_DIRECTIONS FOR THIS TASK_
Could you repeat the records below exactly, leaving the pictures out?

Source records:
'''

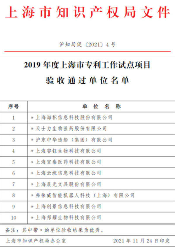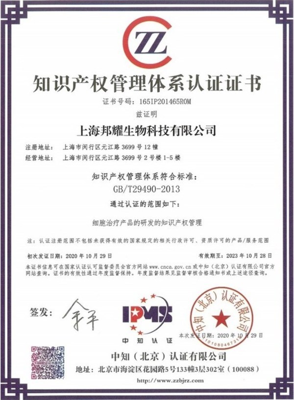 上海2021年12月3日 /新闻稿网 - Xinwengao.com/ — 如今,知识产权作为国家发展战略性资源和国际竞争力核心要素的作用愈加凸显,其中,提高“知识产权价值”已然成为我国现阶段知识产权建设的最重要目标。 作为聚焦于基因治疗和细胞药物研发公司 — 邦耀生物,始终高度重视知识产权的开发与保护。2021年11月,经过企业答辩、专家评审等程序,邦耀生物以高分通过了上海市专利工作试点企业的验收,且在上海93家专利试点企业中优中选优,以排名前10的成绩获评为“上海市专利工作试点优秀单位”。 邦耀生物获评通知,图源/上海知识产权局官微 邦耀生物的专利试点建设过程也是其高价值专利培育的过程。2019年,邦耀生物从500家竞争企业中脱颖而出,获评“上海市专利工作试点企业”。2020年~2021年的专利试点建设期内,邦耀生物重视国内及国际的高价值专利布局,PCT申请比建设前增长了120%,建设期内新授权专利量达到此前历年总和的180%。 “上海市专利工作试点企业”荣誉证书 专利价值的快速提升有赖于邦耀生物务实稳健的知识产权管理工作。依据《企业知识产权管理规范》(GB/T29490-2013),邦耀生物于2020年10月已取得知识产权管理体系认证证书。 “知识产权管理体系认证”荣誉证书 此外,通过上海专利试点企业的建设,邦耀生物实现了“研发前景评估-申请前可专利性分析-申请时专利挖掘-日常防范侵权风险”的可操作闭环,减少了重复研发导致的资源浪费,提高了专利的保护范围及布局维度,进而提高公司整体的知识产权价值。 邦耀生物CEO席在喜先生 关于获评“上海市专利工作试点优秀单位”,邦耀生物CEO席在喜先生表示,上海市专利工作试点项目的优秀通过和《知识产权管理体系认证证书》的获得,标志着公司的知识产权管理能力得到了全方位的锻炼和提升,获得了主管单位和第三方机构的高度认可。 其实自成立以来,邦耀生物就十分重视科技创新工作,希望能通过建立知识产权信息数据库,将企业关键技术进行专利申请,多举措开展知识产权人才培养等,不断提高企业知识产权创造、运用、保护和管理能力。此前就曾与华东师范大学等科研院校签订产、学、研合作协议,助推企业发展。 此次,经过2年的专利试点建设期,邦耀生物完成了知识产权团队的梯队化建设,实现了知识产权软硬条件的配备,优化了公司的知识产权管理体系,全面贯彻了“全员参与知识产权运用与管理”的理念,提高了研发人员专利信息的检索与利用能力,助力邦耀生物在基因编辑与细胞治疗研发领域的技术创新与突破,从而为产品的早日上市保驾护航,也进一步推动邦耀加快实现“以基因编辑引领创新,开发突破性疗法,造福全人类”的使命。
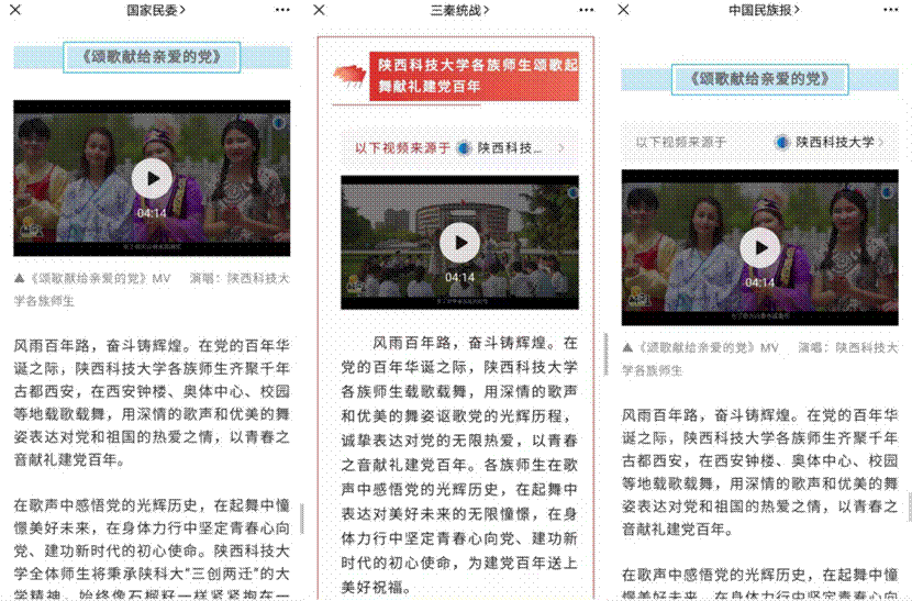 “SUST石榴云”工作室通过各类线下活动与线上宣传进行民族团结进步教育。2021年恰逢建党百年,工作室将“建党百年”与“民族团结进步教育”有机结合,创作视频作品《颂歌献给亲爱的党》庆祝建党百年,祝伟大的祖国生日快乐。视频一经发布在网上广泛传播,并受到国家民委、三秦统战、中国民族报等多家官方媒体的转载报道。
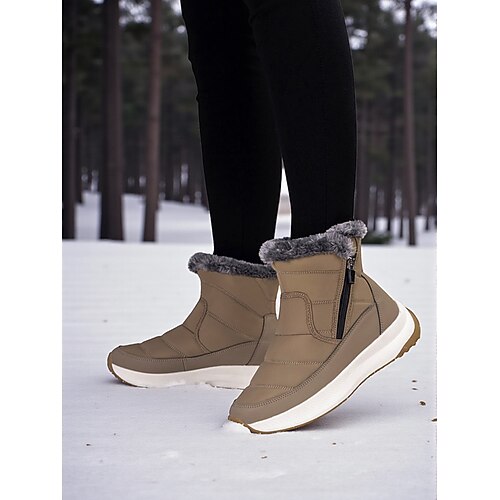 stivali da neve invernali caldi da donna con fodera in pelliccia sintetica e cerniera laterale, stivaletti antiscivolo impermeabili per l'uso all'aperto
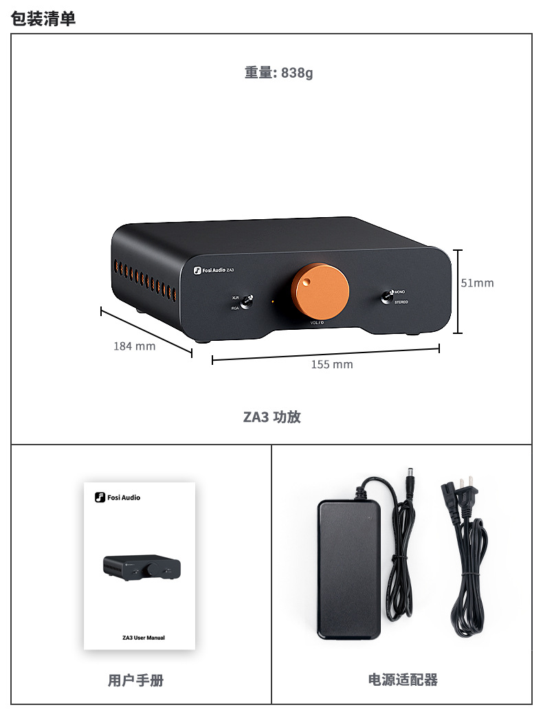 FosiAudio ZA3バランス入力発熱級デジタル機能器hifi家庭用2.1ハイパワーアンプ
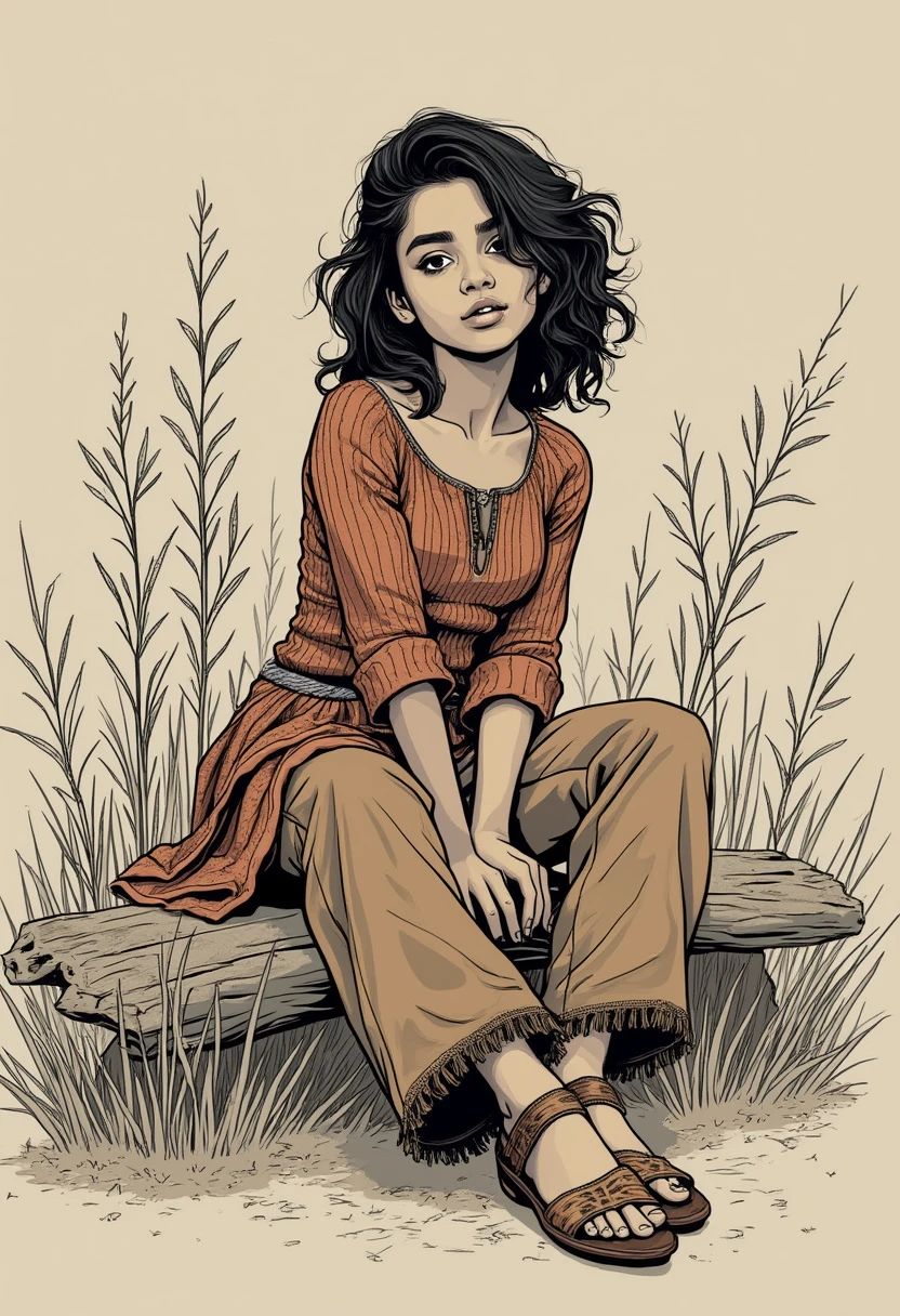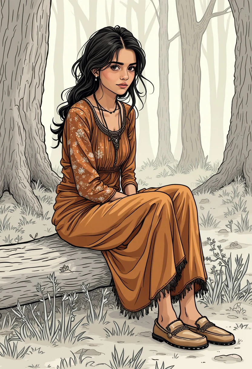 in the Art Style of "Wireframe Drawing": full figure of an 18 year old teenager with Arabic features. Tan. Shadaria Kalil is petite. She is thin but scrappy. She resembled Sarah Hyland’s face, with thick bushy eyebrows and slightly unkempt brown hair. She is very earthy and dressed in a bohemian style. She is a Wiccan. She wears a long sleeved ribbed top, with a burnt orange floral dress over top. She wears brown burlap pants, and moccasins. Sitting in a outside in the forest. black and white, thick lines thickness, monochromatic, dashed lines style, neutral background

'''

_REPLY_
 上海2021年12月3日 /新闻稿网 - Xinwengao.com/ — 如今,知识产权作为国家发展战略性资源和国际竞争力核心要素的作用愈加凸显,其中,提高“知识产权价值”已然成为我国现阶段知识产权建设的最重要目标。 作为聚焦于基因治疗和细胞药物研发公司 — 邦耀生物,始终高度重视知识产权的开发与保护。2021年11月,经过企业答辩、专家评审等程序,邦耀生物以高分通过了上海市专利工作试点企业的验收,且在上海93家专利试点企业中优中选优,以排名前10的成绩获评为“上海市专利工作试点优秀单位”。 邦耀生物获评通知,图源/上海知识产权局官微 邦耀生物的专利试点建设过程也是其高价值专利培育的过程。2019年,邦耀生物从500家竞争企业中脱颖而出,获评“上海市专利工作试点企业”。2020年~2021年的专利试点建设期内,邦耀生物重视国内及国际的高价值专利布局,PCT申请比建设前增长了120%,建设期内新授权专利量达到此前历年总和的180%。 “上海市专利工作试点企业”荣誉证书 专利价值的快速提升有赖于邦耀生物务实稳健的知识产权管理工作。依据《企业知识产权管理规范》(GB/T29490-2013),邦耀生物于2020年10月已取得知识产权管理体系认证证书。 “知识产权管理体系认证”荣誉证书 此外,通过上海专利试点企业的建设,邦耀生物实现了“研发前景评估-申请前可专利性分析-申请时专利挖掘-日常防范侵权风险”的可操作闭环,减少了重复研发导致的资源浪费,提高了专利的保护范围及布局维度,进而提高公司整体的知识产权价值。 邦耀生物CEO席在喜先生 关于获评“上海市专利工作试点优秀单位”,邦耀生物CEO席在喜先生表示,上海市专利工作试点项目的优秀通过和《知识产权管理体系认证证书》的获得,标志着公司的知识产权管理能力得到了全方位的锻炼和提升,获得了主管单位和第三方机构的高度认可。 其实自成立以来,邦耀生物就十分重视科技创新工作,希望能通过建立知识产权信息数据库,将企业关键技术进行专利申请,多举措开展知识产权人才培养等,不断提高企业知识产权创造、运用、保护和管理能力。此前就曾与华东师范大学等科研院校签订产、学、研合作协议,助推企业发展。 此次,经过2年的专利试点建设期,邦耀生物完成了知识产权团队的梯队化建设,实现了知识产权软硬条件的配备,优化了公司的知识产权管理体系,全面贯彻了“全员参与知识产权运用与管理”的理念,提高了研发人员专利信息的检索与利用能力,助力邦耀生物在基因编辑与细胞治疗研发领域的技术创新与突破,从而为产品的早日上市保驾护航,也进一步推动邦耀加快实现“以基因编辑引领创新,开发突破性疗法,造福全人类”的使命。
 “SUST石榴云”工作室通过各类线下活动与线上宣传进行民族团结进步教育。2021年恰逢建党百年,工作室将“建党百年”与“民族团结进步教育”有机结合,创作视频作品《颂歌献给亲爱的党》庆祝建党百年,祝伟大的祖国生日快乐。视频一经发布在网上广泛传播,并受到国家民委、三秦统战、中国民族报等多家官方媒体的转载报道。
 stivali da neve invernali caldi da donna con fodera in pelliccia sintetica e cerniera laterale, stivaletti antiscivolo impermeabili per l'uso all'aperto
 FosiAudio ZA3バランス入力発熱級デジタル機能器hifi家庭用2.1ハイパワーアンプ
 in the Art Style of "Wireframe Drawing": full figure of an 18 year old teenager with Arabic features. Tan. Shadaria Kalil is petite. She is thin but scrappy. She resembled Sarah Hyland’s face, with thick bushy eyebrows and slightly unkempt brown hair. She is very earthy and dressed in a bohemian style. She is a Wiccan. She wears a long sleeved ribbed top, with a burnt orange floral dress over top. She wears brown burlap pants, and moccasins. Sitting in a outside in the forest. black and white, thick lines thickness, monochromatic, dashed lines style, neutral background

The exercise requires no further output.